T-Mobile US posted strong results this quarter despite the fact that its competition went big on unlimited offers. The operator reported record low customer attrition and said it was considering a quarterly dividend.
Chief Financial Officer Braxton Carter said, "We're actually starting to have conversations about instituting a small quarterly dividend that we can grow in the future.”
Q2 2017 was a record-breaking quarter in a number of areas for T-Mobile, the company states. The operator delivered record service revenue, strong net income, record Adjusted EBITDA and record-low postpaid phone churn. T-Mobile added 1.3 million total customers, marking 17 straight quarters of adding more than 1 million every quarter.
The company expects to capture all of the industry's postpaid phone growth with 786,000 branded postpaid phone customers in the quarter. Customers are also staying longer, T-Mobile claims, reflected in its record-low branded postpaid phone churn of 1.10% in Q2 2017.
As a result of these strong customer metrics, T-Mobile grew service revenues to record levels, up 8% year-over-year in Q2 2017, it claims. The operator’s consistent level of outperformance has seen it gaining share from larger competitors AT&T and Verizon in a saturated US market through its network improvements and lower prices.
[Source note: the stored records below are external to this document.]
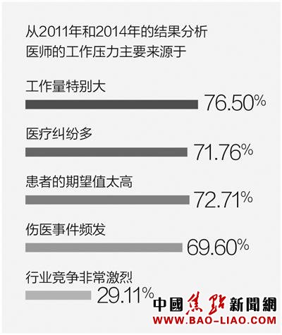 中国医师协会调查结果显示,医师的压力来源于工作量大、医疗纠纷多、患者过高的期望以及伤医事件。其中,患者的期望值太高占72.71%,伤医事件频发占69.6%。医师们越来越不希望子女报考医学院校,2014年不希望自己子女从医的比例高达64.48%,这进一步印证了医师对执业环境不满意,进而影响到职业成就感的评价。
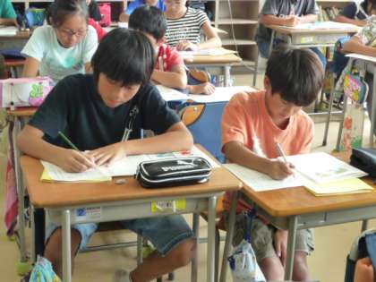 川場移動教室からまだ1週間も経っていない5年生ですが、国語の授業を見てみると、とても真剣に説明文の段落ごとの要点のみつけかたについての学習をしていて感心しました。要点・要約・要旨という流れで筆者の言いたいことをつかんでいく学習、子どもたちの成長が楽しみです。
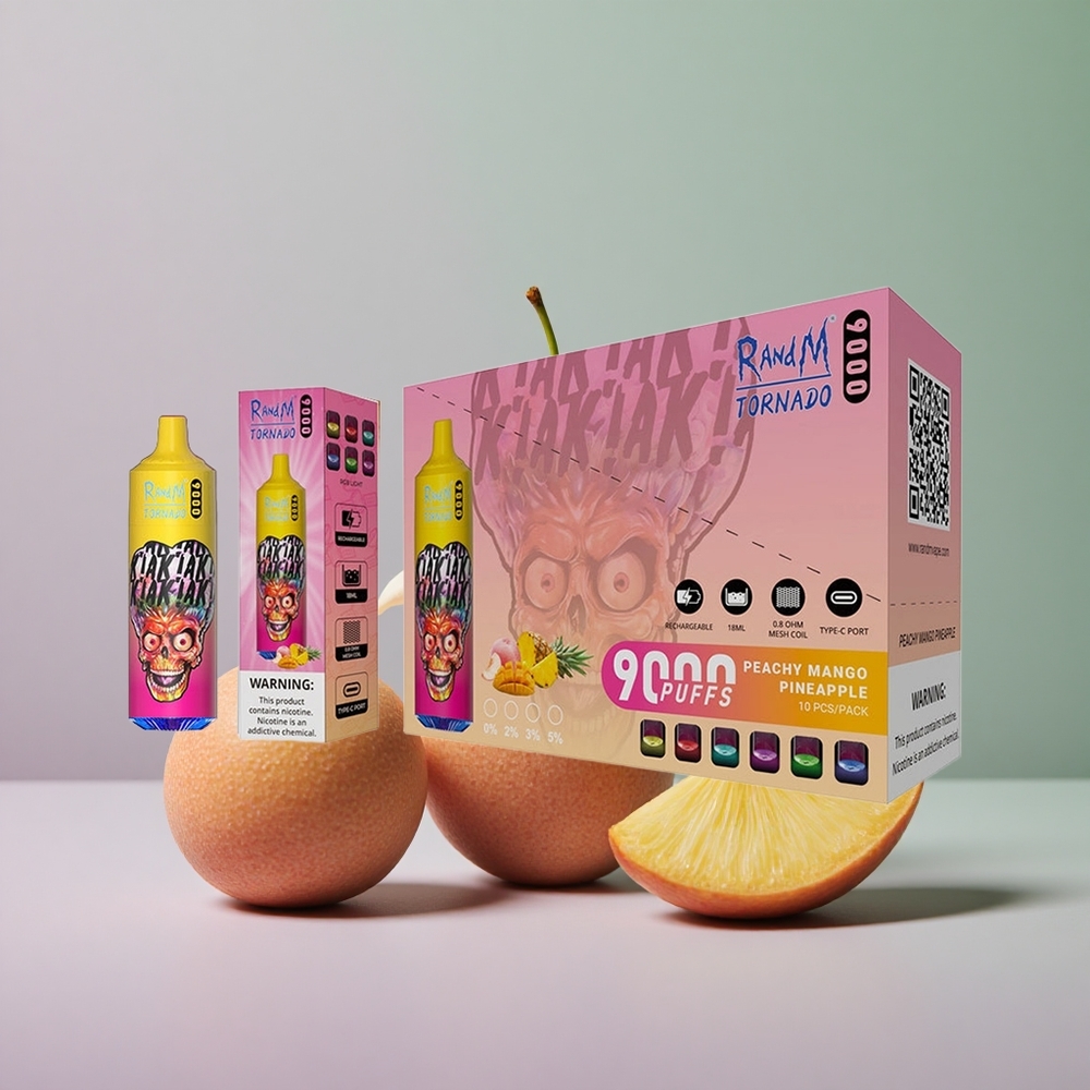 RandM Fumot Tornado 9000 אננס מנגו אפרסקי עם סוללה נטענת וסליל רשת
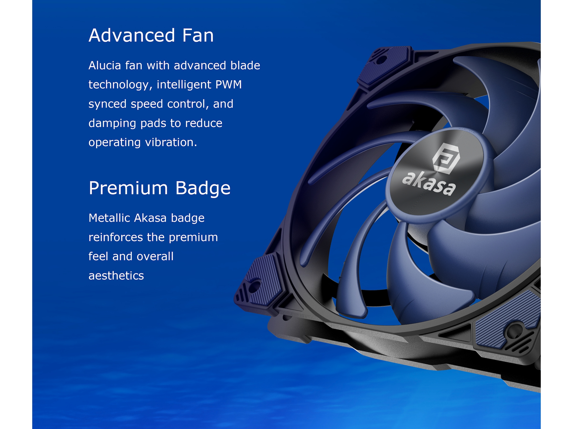 Alucia-vifte med avansert bladteknologi, intelligent PWM-synkronisert hastighetskontroll og dempende puter for å redusere vibrasjoner under drift. Premium BadgeMetallic Akasa-merket forsterker den førsteklasses følelsen og den totale estetikken
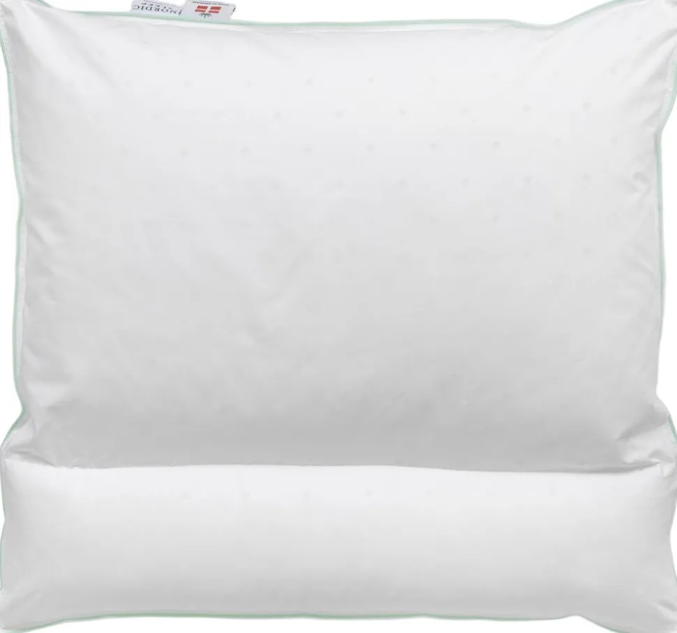 NeckSupport, ekspertstøtte og klassisk komfort i én pude. Nogle nætter sover du som en drøm, andre vender og drejer du dig. Derfor har vi skabt NeckSupport, en hovedpude, der kombinerer ergonomisk nakkestøtte med klassisk komfort. En syning deler puden i to kamre, et smalt kammer med ergonomisk støtte, der følger nakkens naturlige kurve, og et bredere kammer, der giver hovedet blød og stabil hvile. Uanset hvilken side du vælger, får du støtte, der holder hele natten. Sover du på siden, kan du folde puden for ekstra højde. Perfekt til dig, der vil prøve en ergonomisk pude, men stadig gerne vil kunne vælge. Klassisk dansk pudestørrelse 60 x 63 cm, der passer til dit almindelige hovedpudebetræk. Det er nemt at vedligeholde Nordic Sleep by Fossflakes produkternes gode egenskaber. Ryst nemt dine produkter op for at bevare volumen. NeckSupport er allergivenlig og kan nemt maskinvaskes ved 60 grader, det gør det let at holde puden ren og fri for støvmider. Undgå brug af skyllemiddel og vaskemiddel med enzymer. Fossflakes kan tørretumbles på uld eller silkeprogram. Tåler ikke høj varme. Er du i tvivl om din maskine kan overholde varmegraderne, så lad i stedet din pude lufttørre. Puden er certificeret i henhold til Oeko-Tex Standard 100 Class 1.
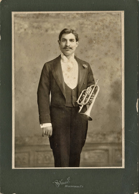 My third well-dressed cornetist is from Hartford, Connecticut where he posed with his instrument at the Stuart photography studio. His mustache has a tiny bit of an upturned curl that I think hints of a Germanic heritage, but that could just be a false twist. In 1890 Hartford was over twice the size of San Jose or Fond du Lac with a population then of 53,230. From 1874 to 1891 Hartford was the home of  Samuel Clemens/Mark Twain so it's possible that Sam might have heard this cornetist play in concert.
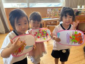 慎重にはさみで折り紙を切り、コツをつかむと嬉しそうでした!
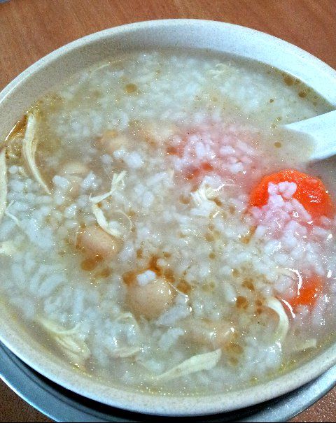 红萝卜,珍珠豆,鸡丝粥配腰豆,榨菜炒火腿。。。好吃!
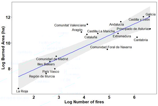 Regression relationship between the number of fires and burned areas per region (point shows the total burned areas within each region) and regression formulae and scale has been log transformed to address heteroskedasticity. The blue line shows the regression line while the shaded grey area represents the standard error.
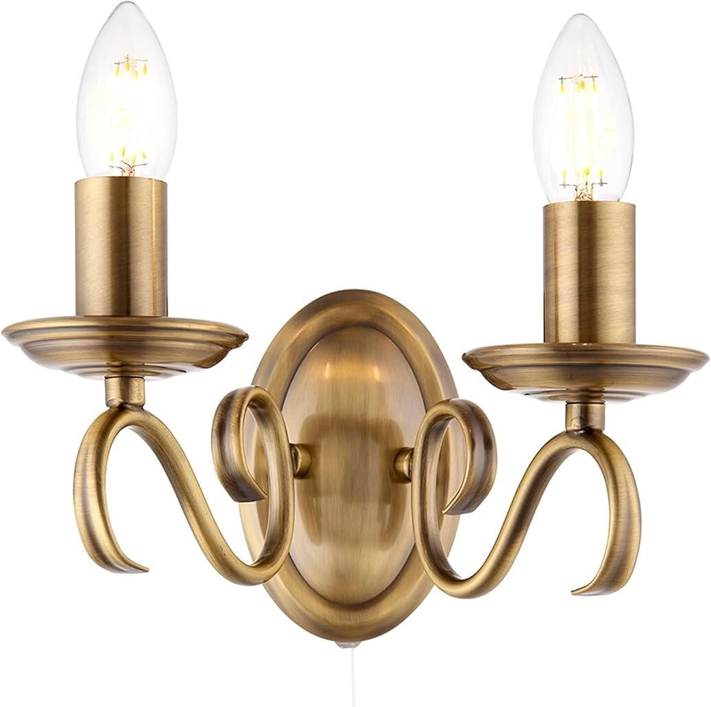Antique brass wall sconce with pull cord switch, perfect for class period home living rooms and hallways
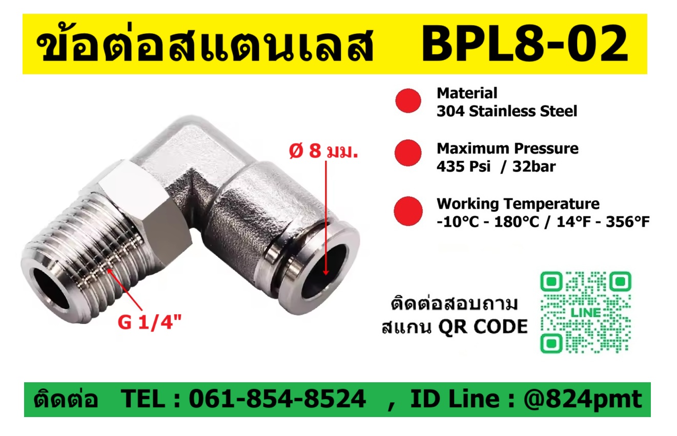 คุณสมบัติ ข้อต่อลมสแตนเลส304
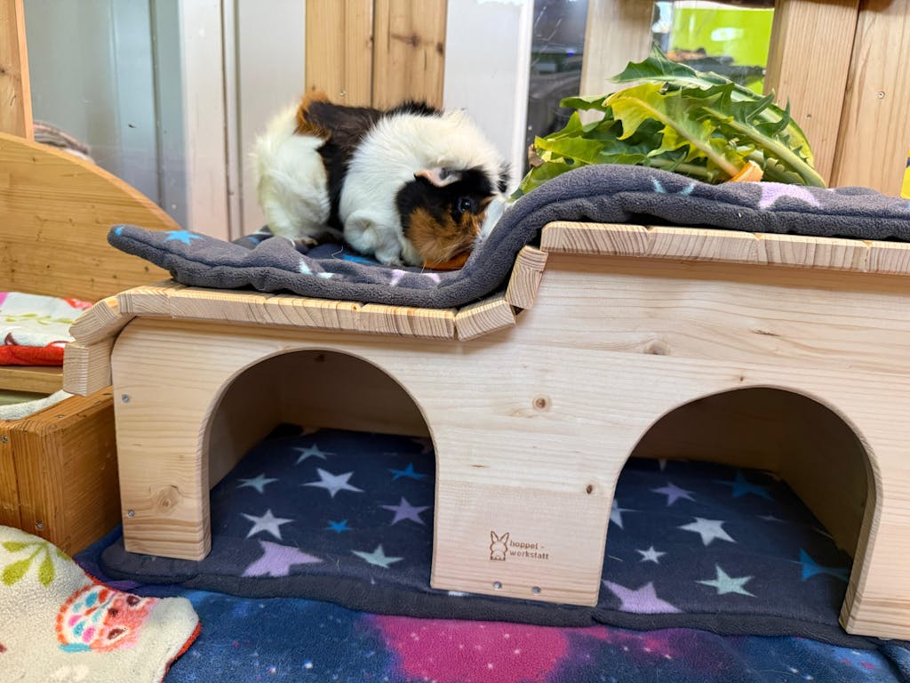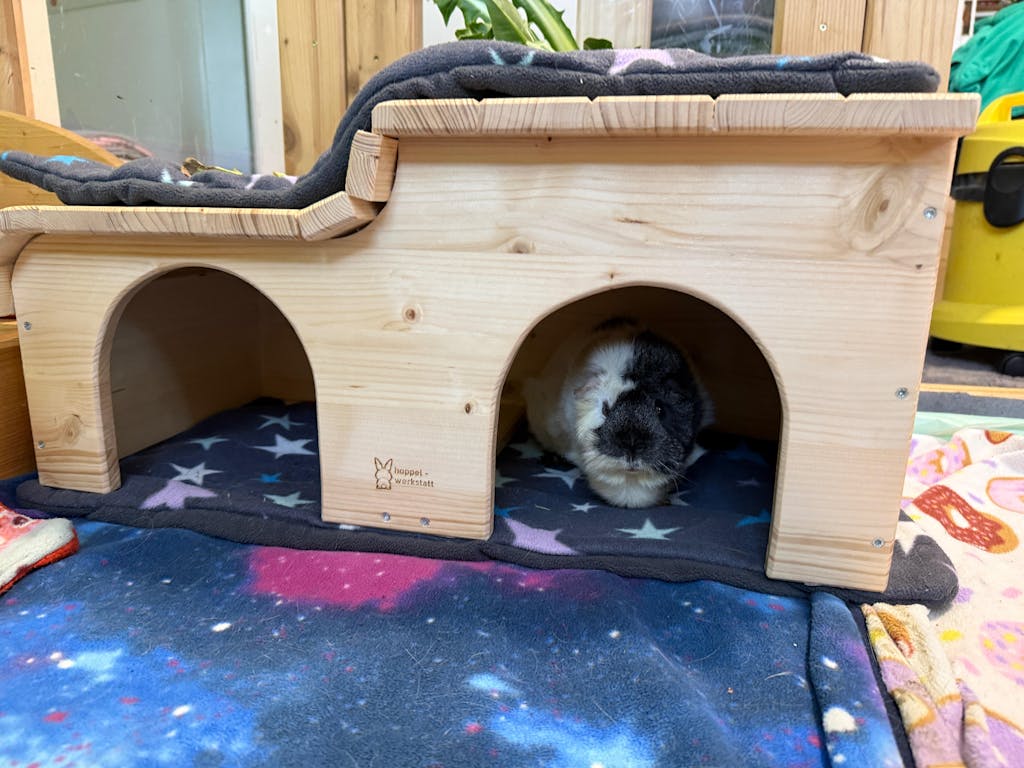 Unser Meerschweinchenhaus wird dein Liebling begeistern! Mit seinem abgerundetem Dach und zwei Eingängen bietet es eine gemütliche und geschützte Atmosphäre für kleine Nickerchen und als Rückzugsort.

The company had said it was open to various strategic options and has acknowledged it would consider talks with rival Sprint about a potential merger, Reuters reported. However, discussions appear to be on hold, as Sprint, owned by Japan’s SoftBank, is also in negotiations with cable companies Charter Communications and Comcast.
T-Mobile’s net income rose to $581 million, or 67 cents per share, from $225 million, or 25 cents per share, a year earlier. Total revenue grew to $10.21 billion from $9.29 billion. The operator toppled analyst predictions of 38 cents per share on revenue of $9.81 billion, according to Thomson Reuters I/B/E/S.
"We just delivered a quarter with record service revenue, record-low churn, strong net income and record Adjusted EBITDA - all while leading the industry in postpaid phone growth," said John Legere, President and CEO of T-Mobile.
"On top of that, our network just keeps getting better and faster while the Duopoly's networks seem to be choking after we forced them to go unlimited. Make no mistake about it, the Un-carrier will not stop forcing change in this industry and our Q2 results are more proof that consumers are responding!"
What is a Un-carrier? T-Mobile defines the model as “listening to customers, solving their pain points and giving them unmatched value.” Focusing on these simple priorities has “completely disrupted the wireless industry” T-Mobile claims, “and forced the competition to respond to our moves.”